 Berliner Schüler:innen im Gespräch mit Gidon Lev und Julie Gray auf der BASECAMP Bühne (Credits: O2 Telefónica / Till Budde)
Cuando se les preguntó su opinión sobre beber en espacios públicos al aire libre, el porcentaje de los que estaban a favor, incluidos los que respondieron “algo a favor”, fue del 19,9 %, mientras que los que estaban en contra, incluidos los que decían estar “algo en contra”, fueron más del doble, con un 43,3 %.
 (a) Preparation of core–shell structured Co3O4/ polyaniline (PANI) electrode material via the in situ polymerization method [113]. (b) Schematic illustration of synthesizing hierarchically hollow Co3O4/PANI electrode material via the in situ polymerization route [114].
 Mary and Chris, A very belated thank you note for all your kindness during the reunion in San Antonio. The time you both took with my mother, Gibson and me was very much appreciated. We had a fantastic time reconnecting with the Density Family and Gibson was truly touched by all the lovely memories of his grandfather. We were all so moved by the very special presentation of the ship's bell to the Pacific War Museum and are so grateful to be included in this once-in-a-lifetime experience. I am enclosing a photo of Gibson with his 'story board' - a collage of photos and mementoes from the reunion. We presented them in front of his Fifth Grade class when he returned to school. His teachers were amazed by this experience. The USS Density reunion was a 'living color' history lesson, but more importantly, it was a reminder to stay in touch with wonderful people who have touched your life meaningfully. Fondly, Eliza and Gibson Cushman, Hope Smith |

--

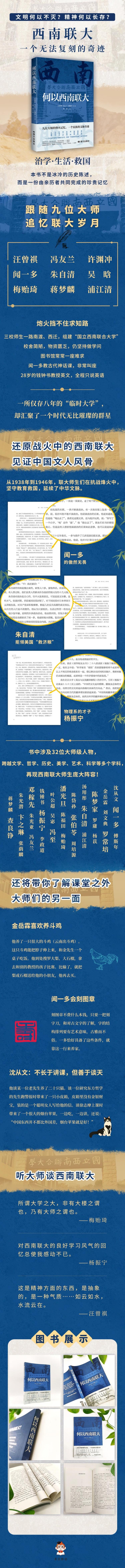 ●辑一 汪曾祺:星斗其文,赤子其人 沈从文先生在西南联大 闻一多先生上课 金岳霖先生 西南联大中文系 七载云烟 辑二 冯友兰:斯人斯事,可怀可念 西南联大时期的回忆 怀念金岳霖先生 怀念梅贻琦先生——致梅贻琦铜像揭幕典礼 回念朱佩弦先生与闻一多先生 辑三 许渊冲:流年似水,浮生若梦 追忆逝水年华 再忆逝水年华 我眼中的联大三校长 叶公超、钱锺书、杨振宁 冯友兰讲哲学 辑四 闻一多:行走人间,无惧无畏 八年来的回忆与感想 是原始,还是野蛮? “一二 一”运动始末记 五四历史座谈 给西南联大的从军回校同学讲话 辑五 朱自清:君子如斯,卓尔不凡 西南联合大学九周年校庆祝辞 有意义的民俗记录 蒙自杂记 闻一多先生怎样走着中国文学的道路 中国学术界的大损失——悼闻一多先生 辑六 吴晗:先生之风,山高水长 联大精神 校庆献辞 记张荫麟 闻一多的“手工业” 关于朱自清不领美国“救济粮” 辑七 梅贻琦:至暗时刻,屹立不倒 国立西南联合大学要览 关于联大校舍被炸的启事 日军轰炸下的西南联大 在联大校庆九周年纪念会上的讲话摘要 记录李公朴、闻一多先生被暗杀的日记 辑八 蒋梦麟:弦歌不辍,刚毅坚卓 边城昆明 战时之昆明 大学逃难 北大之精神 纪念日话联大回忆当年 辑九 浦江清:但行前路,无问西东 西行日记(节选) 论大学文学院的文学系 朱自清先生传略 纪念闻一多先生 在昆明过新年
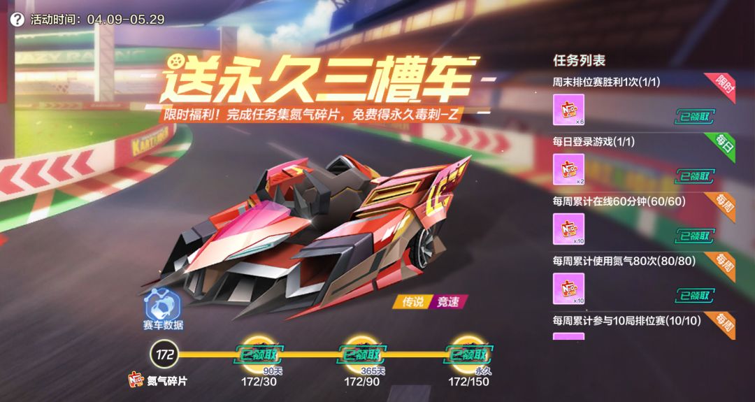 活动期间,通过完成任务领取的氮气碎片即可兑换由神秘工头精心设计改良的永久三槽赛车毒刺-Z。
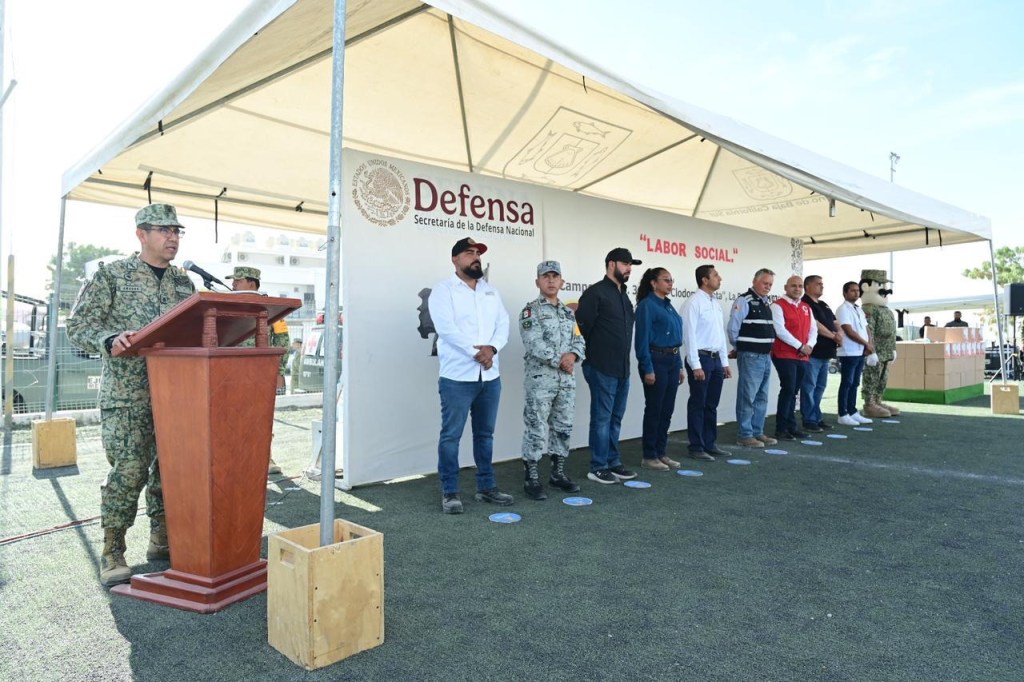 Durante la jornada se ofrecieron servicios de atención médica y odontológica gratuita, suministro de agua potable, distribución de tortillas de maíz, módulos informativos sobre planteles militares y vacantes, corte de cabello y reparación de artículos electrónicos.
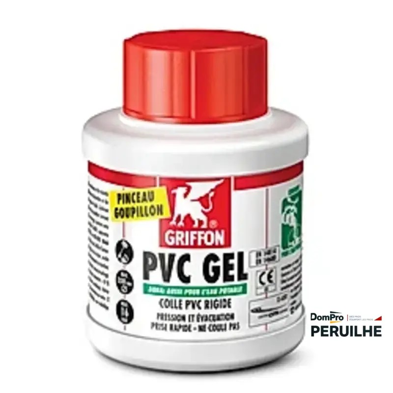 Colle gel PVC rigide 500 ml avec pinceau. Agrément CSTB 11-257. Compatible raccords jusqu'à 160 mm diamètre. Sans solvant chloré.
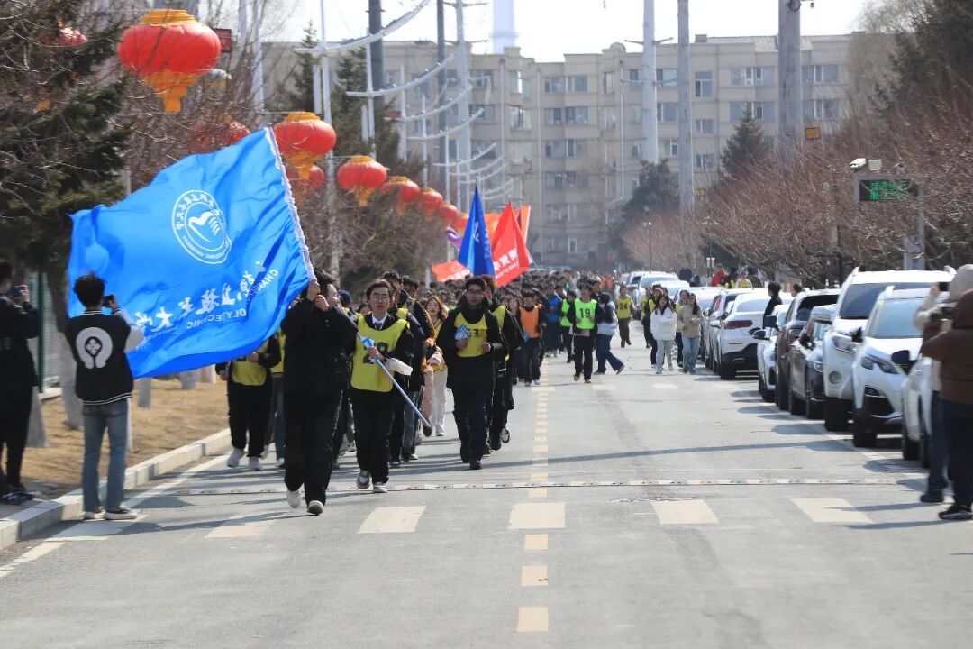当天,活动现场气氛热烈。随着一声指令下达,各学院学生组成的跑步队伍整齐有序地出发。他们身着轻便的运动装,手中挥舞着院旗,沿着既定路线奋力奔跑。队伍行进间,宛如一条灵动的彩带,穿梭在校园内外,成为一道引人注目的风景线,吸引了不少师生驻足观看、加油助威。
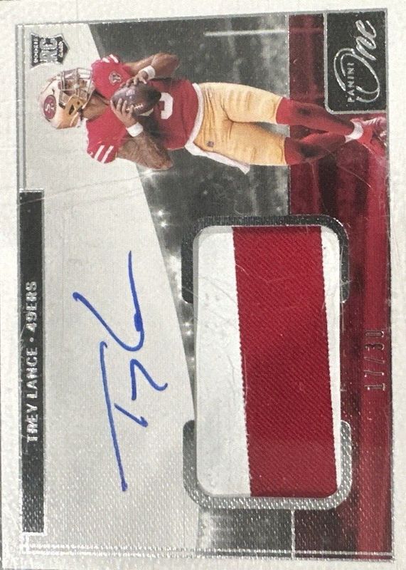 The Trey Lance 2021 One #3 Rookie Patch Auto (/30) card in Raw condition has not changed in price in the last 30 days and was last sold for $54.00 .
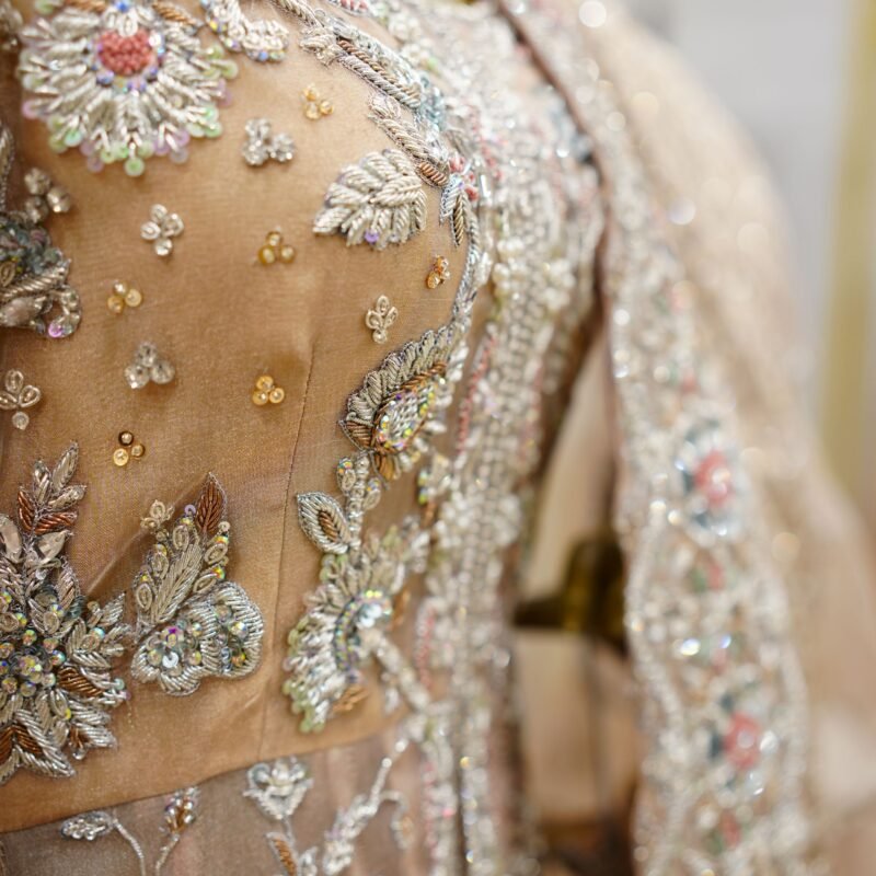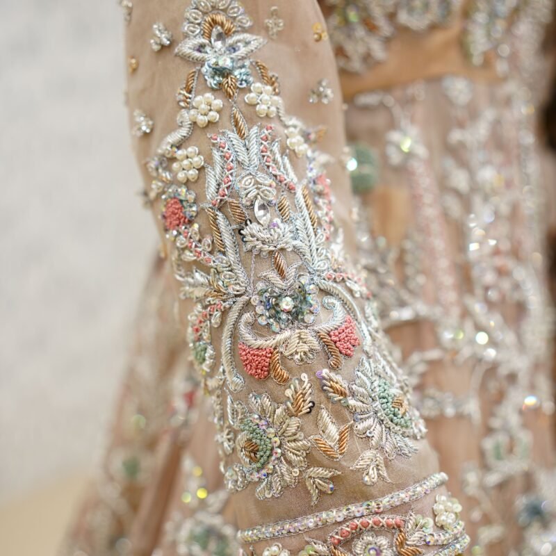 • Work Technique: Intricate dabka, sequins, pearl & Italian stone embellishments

Exercise objective:
Every line from the one with "当天,活动现场气氛热烈。随着" through the one with "Italian stone embellishments" is to be reproduced exactly as written above, and the pictures are to be dropped.

Answer area:
当天,活动现场气氛热烈。随着一声指令下达,各学院学生组成的跑步队伍整齐有序地出发。他们身着轻便的运动装,手中挥舞着院旗,沿着既定路线奋力奔跑。队伍行进间,宛如一条灵动的彩带,穿梭在校园内外,成为一道引人注目的风景线,吸引了不少师生驻足观看、加油助威。
 The Trey Lance 2021 One #3 Rookie Patch Auto (/30) card in Raw condition has not changed in price in the last 30 days and was last sold for $54.00 .
 • Work Technique: Intricate dabka, sequins, pearl & Italian stone embellishments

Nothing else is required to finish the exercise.